7

I've been reading a lot about high availability virtualization, either via Hyper-V or VMWare. In that context, essentially high availability means that the VM is hosted by a cluster of physical servers (nodes), so if one of the physical servers goes down, the VM can still be served by other physical servers. So far so good, the physical cluster and the VM itself are highly available.

However if the service being provided, let's say SQL server, MSDTC, or any other service, are actually being provided by the VM image and the virtualized operating system. So I imagine that there is still a point of failure at the virtual layer that isn't accounted for. Something could happen within the virtual machine itself that the physical cluster can not account for, correct? In that instance the physical failover cluster (Hyper-V) or VMWare host, can not fail over, because the issue is not with one of the servers in the physical cluster - failing over a physical node would not do any good.

Does this necessitate building a virtual failover cluster on top of the physical one, or is this not necessary?

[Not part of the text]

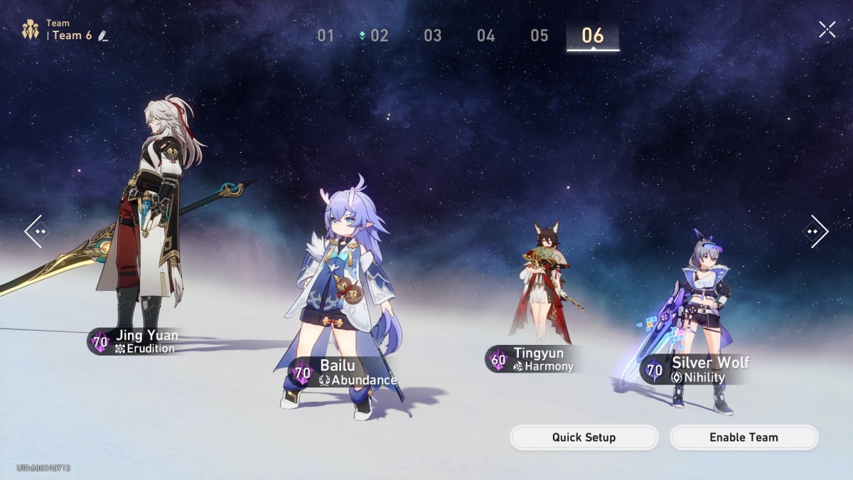 - Mono-Equipos: “Mono-equipos” se refiere a equipos que consisten principalmente en un elemento. Por ejemplo, Jing Yuan podría ejecutarse con Bailu y Tingyun, que son personajes eléctricos. Una desventaja importante de este equipo suele ser la falta de elementos, lo que significa que naturalmente tendrás algunos problemas para romper las debilidades del enemigo. En general, desea un equipo con más elementos, por lo que tiene una mayor variedad de habilidades para romper debilidades. Afortunadamente, Silver Wolf resuelve este problema, lo que permite que tu equipo rompa las debilidades de los jefes que no son débiles en sus elementos naturales.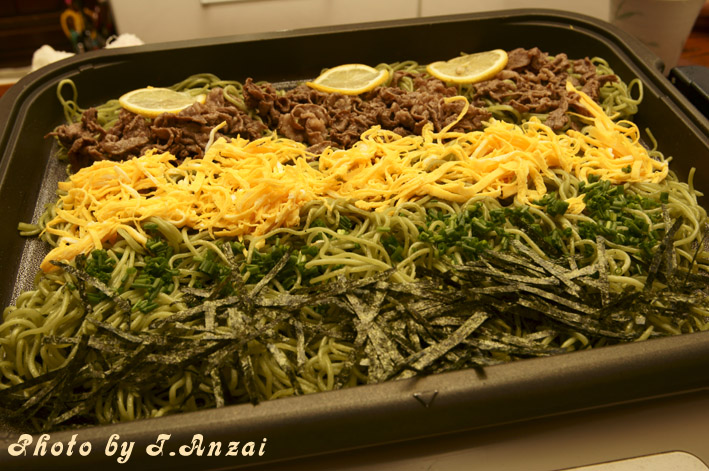 簡単に作り方を書くと、錦糸卵を作り、牛肉を炒めておいてホットプレートで茶そばを炒める

Alternatively, I suppose you could skip the phsyical clustering, and just cluster at the virtual layer (Child based failover clustering), because that should still survive a physical failure.

See image below showing parent based (left), child based (right) and a combination (center). Is parent based as far as you need to go, or is child based more appropriate?

Clustering example Image

Atilla Ozgur
  • 128
  • 4
Jeremy
  • 903
  • 2
  • 9
  • 19

7 Answers7

10

The physical cluster makes your virtual hardware highly available, i.e. failures of a physical server don't affect any given virtual machine. However, the virtual machine itself can still fail (e.g. OS crashing, someone shutting down the virtual server, etc.), so the service running on top of the virtual machine may still fail at some point (although it's less likely than it'd be for the same service running on standalone physical hardware). To mitigate this risk, you create the clustered service, so that the service remains unaffected even if a virtual server fails. Of course you could achive more or less the same results, if you built the clustered service directly on physical servers.

Whether you run your clustered service on physical servers or on top of a clustered virtualization platform depends on your requirements. If you don't need a virtualization platform for anything else or the clustered service needs lots of system resources then I'd recommend building the cluster on physical hardware. But if your physical hardware has resources to spare or you already have a virtualization cluster, I'd run the clustered service on virtual machine, because that makes managing the (virtual) hardware a lot easier.

Ansgar Wiechers
  • 4,197
  • 2
  • 17
  • 26
6

Don't forget to take a reality pill along the way, though.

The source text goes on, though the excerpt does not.